----- Data to use

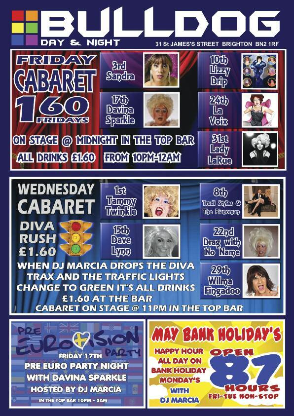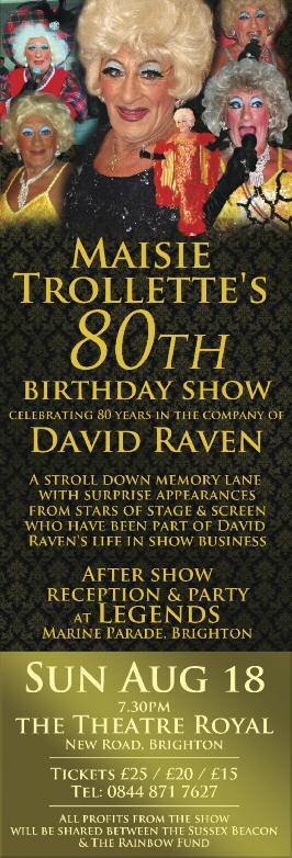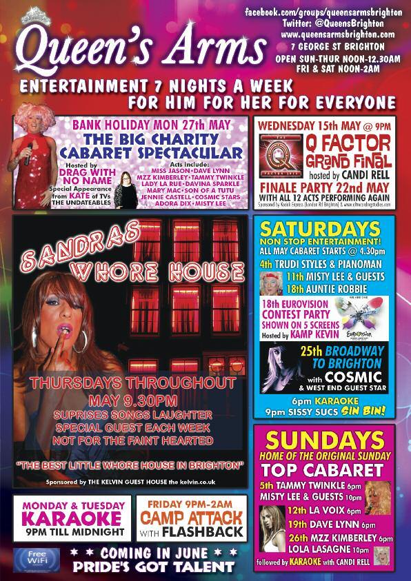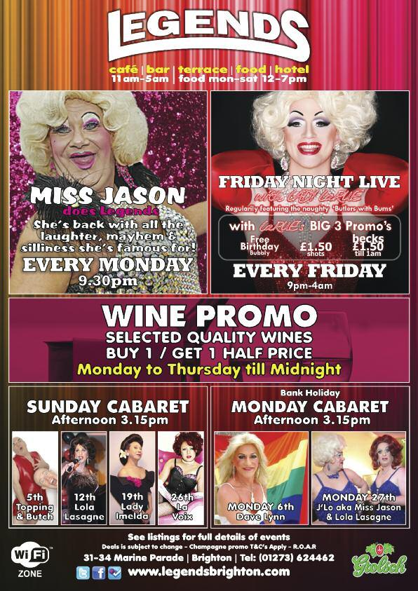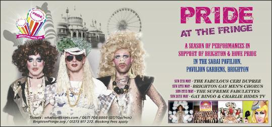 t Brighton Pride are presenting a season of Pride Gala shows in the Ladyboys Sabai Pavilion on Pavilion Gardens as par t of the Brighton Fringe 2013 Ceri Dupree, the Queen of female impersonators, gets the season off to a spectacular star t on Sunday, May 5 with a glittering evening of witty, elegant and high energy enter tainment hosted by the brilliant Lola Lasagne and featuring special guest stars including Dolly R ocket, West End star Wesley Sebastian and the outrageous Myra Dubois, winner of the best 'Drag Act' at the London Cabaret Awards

----------
----- Data to use

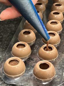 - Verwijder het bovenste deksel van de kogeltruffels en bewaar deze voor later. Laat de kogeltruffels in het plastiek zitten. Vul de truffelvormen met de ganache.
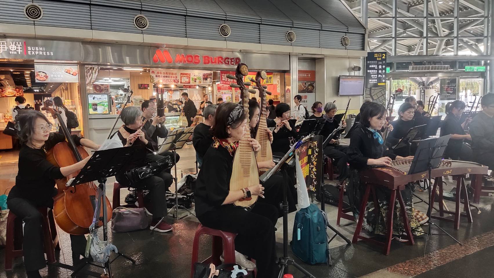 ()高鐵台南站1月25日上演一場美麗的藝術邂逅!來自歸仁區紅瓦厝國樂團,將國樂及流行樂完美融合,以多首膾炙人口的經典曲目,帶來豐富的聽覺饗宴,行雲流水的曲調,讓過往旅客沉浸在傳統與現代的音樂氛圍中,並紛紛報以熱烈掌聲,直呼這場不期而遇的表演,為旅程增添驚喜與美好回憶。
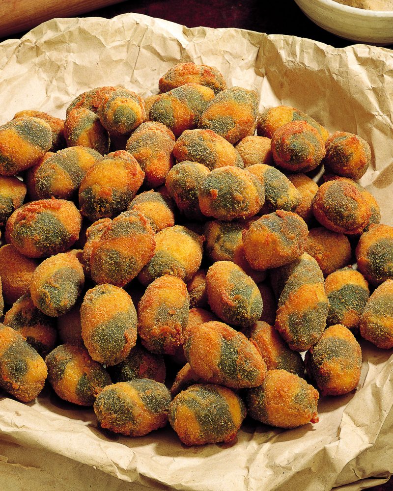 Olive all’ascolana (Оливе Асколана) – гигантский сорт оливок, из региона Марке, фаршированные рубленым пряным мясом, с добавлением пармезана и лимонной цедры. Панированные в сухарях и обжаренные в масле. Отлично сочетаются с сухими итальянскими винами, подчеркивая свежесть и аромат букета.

----------

Please return the data above exactly as it stands from the line with "- Verwijder het" to the line with "Olive all’ascolana (Оливе", keeping both of those lines but none of the pictures.

 - Verwijder het bovenste deksel van de kogeltruffels en bewaar deze voor later. Laat de kogeltruffels in het plastiek zitten. Vul de truffelvormen met de ganache.
 ()高鐵台南站1月25日上演一場美麗的藝術邂逅!來自歸仁區紅瓦厝國樂團,將國樂及流行樂完美融合,以多首膾炙人口的經典曲目,帶來豐富的聽覺饗宴,行雲流水的曲調,讓過往旅客沉浸在傳統與現代的音樂氛圍中,並紛紛報以熱烈掌聲,直呼這場不期而遇的表演,為旅程增添驚喜與美好回憶。
 Olive all’ascolana (Оливе Асколана) – гигантский сорт оливок, из региона Марке, фаршированные рубленым пряным мясом, с добавлением пармезана и лимонной цедры. Панированные в сухарях и обжаренные в масле. Отлично сочетаются с сухими итальянскими винами, подчеркивая свежесть и аромат букета.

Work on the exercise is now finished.